EXERCISE PROMPT:
Nothing but the lines from the one holding "2008 Jetstream Blue 3LT Z51 Coupe" through the last line of the material below should be set down, exactly and without images.

EXERCISE DATA:

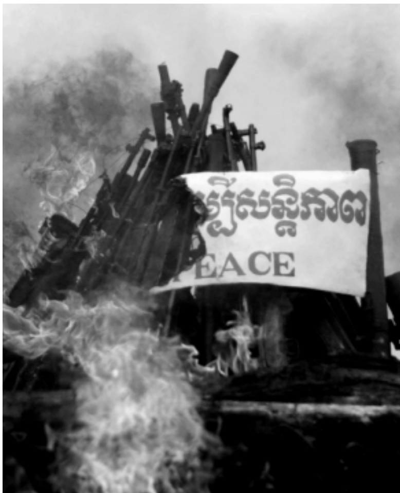
Nearly 7,000 small arms are burned in Cambodia to mark the beginning of the UN Small Arms Conference (9 July 2001)
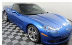
2008 Jetstream Blue 3LT Z51 Coupe
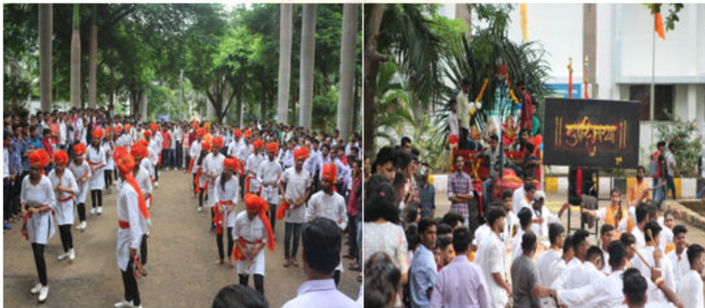
Students performing Lezim

RESPONSE AREA:
2008 Jetstream Blue 3LT Z51 Coupe
Students performing Lezim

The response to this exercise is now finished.